Allemagne : Des salaires de misère... dans un des pays les plus riches du monde20/01/20122012Journal/medias/journalnumero/images/2012/01/une2268.jpg.445x577_q85_box-0%2C104%2C1383%2C1896_crop_detail.jpg

Dans le monde

Allemagne : Des salaires de misère... dans un des pays les plus riches du monde

Médias et politiciens français s'extasient régulièrement sur ce qu'ils appellent le « miracle allemand ». Il est vrai que Destatis, l'équivalent de l'Insee, vient d'annoncer que, en 2011, le PIB de l'Allemagne aurait augmenté de 3 %, et que le chômage aurait à nouveau reculé. Ainsi, malgré la crise, tout irait pour le mieux dans le pays capitaliste le plus puissant d'Europe.

Tout va bien en effet pour les profits des patrons allemands, mais il n'en va pas de même pour ceux qui les produisent et qui ne profitent absolument pas de la bonne santé économique affichée. Plusieurs enquêtes récentes ont ainsi rappelé que 20 % de l'ensemble des salariés ne disposent que de très bas salaires, touchant moins de 10 euros brut de l'heure.

Cette situation est en partie liée à l'absence d'un salaire minimum légal correspondant au smic en France, et valable pour toutes les professions : il n'en existe un que dans une dizaine de branches professionnelles, comme le bâtiment ou le nettoyage industriel. Mais elle est due aussi aux lois Hartz, promulguées à l'époque du chancelier social-démocrate Schröder. Entre autres méfaits, elles obligent les salariés licenciés à accepter ensuite n'importe quel emploi, y compris dans une autre branche que la leur et plus mal payé. Tout cela pousse nombre de travailleurs à cumuler deux ou trois emplois sous-payés pour s'en sortir.

Par ailleurs une étude de l'Institut IAB, lié à l'Agence Fédérale pour l'Emploi, publiée en 2010, estime que 36 % des travailleurs à l'Ouest et 49 % à l'Est du pays travaillent dans des entreprises qui n'ont ni adhéré à une convention de branche ni même signé un accord d'entreprise. Résultat : les salaires y sont souvent inférieurs de 30 % à ceux pratiqués là où une convention s'applique.

Mais même ceux qui sont couverts par un accord collectif ne sont pas assurés d'avoir des revenus corrects. Ainsi le salaire d'embauche d'un pâtissier s'élève en Bavière à 5,26 euros brut de l'heure. Pour les bouchers de Saxe comme pour les coiffeurs du Schleswig-Holstein, il est de 6 euros. Et dans de nombreuses activités, le niveau est inférieur à 8 euros : sécurité dans les aéroports, centres d'appels, nettoyage, agriculture, etc. En outre dans les régions de l'Est, plus de vingt ans après la réunification du pays, les salaires subissent toujours une décote par rapport à l'Ouest, dans le privé comme dans le public.

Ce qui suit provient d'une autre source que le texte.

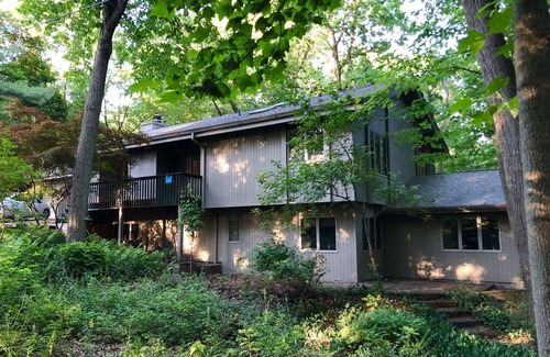 The Sand House is an ideal spot for a vacation with your family, or a getaway with friends. Just 90 minutes from Chicago, this five-bedroom, two-bath summer house on two levels via spiral staircase will provide comfort, fun and memories for all. Just a one-block walk to the beautiful, sandy, private Harbert Woods beach, you can swim, build sandcastles, and watch spectacular sunsets. At the house, have your morning coffee out on the upstairs deck surrounded by trees. The combined kitchen, dining and living room area, with vaulted ceiling, allows everyone to be together, and there is a dining table for ten.

Par ailleurs, en Allemagne les patrons ne sont pas tenus de payer les intérimaires au salaire du poste qu'ils occupent pendant leur mission. Il a fallu des années de discussions pour que le gouvernement décide d'un salaire minimum pour les intérimaires. Il sera de 7,89 euros à l'Ouest et de 7,01 euros à l'Est.

À tout cela, il faut ajouter l'attitude de véritables patrons voyous, qui se croient tout permis, et dont le nombre va en augmentant. Ainsi à Essen, huit salariés du bâtiment d'origine polonaise, qui travaillaient en plein centre-ville sur le chantier de l'ancien immeuble C & A, ont dû se battre, pendant deux mois en septembre et octobre derniers, contre leur employeur qui ne voulait pas les payer au tarif promis mais... seulement 50 centimes de l'heure. Seule leur détermination leur a finalement permis d'obtenir gain de cause.

Pour ne pas voir augmenter sans cesse le nombre de ceux qui plongent dans la misère tout en travaillant, cette détermination sera nécessaire pour tous les travailleurs, en Allemagne comme en France.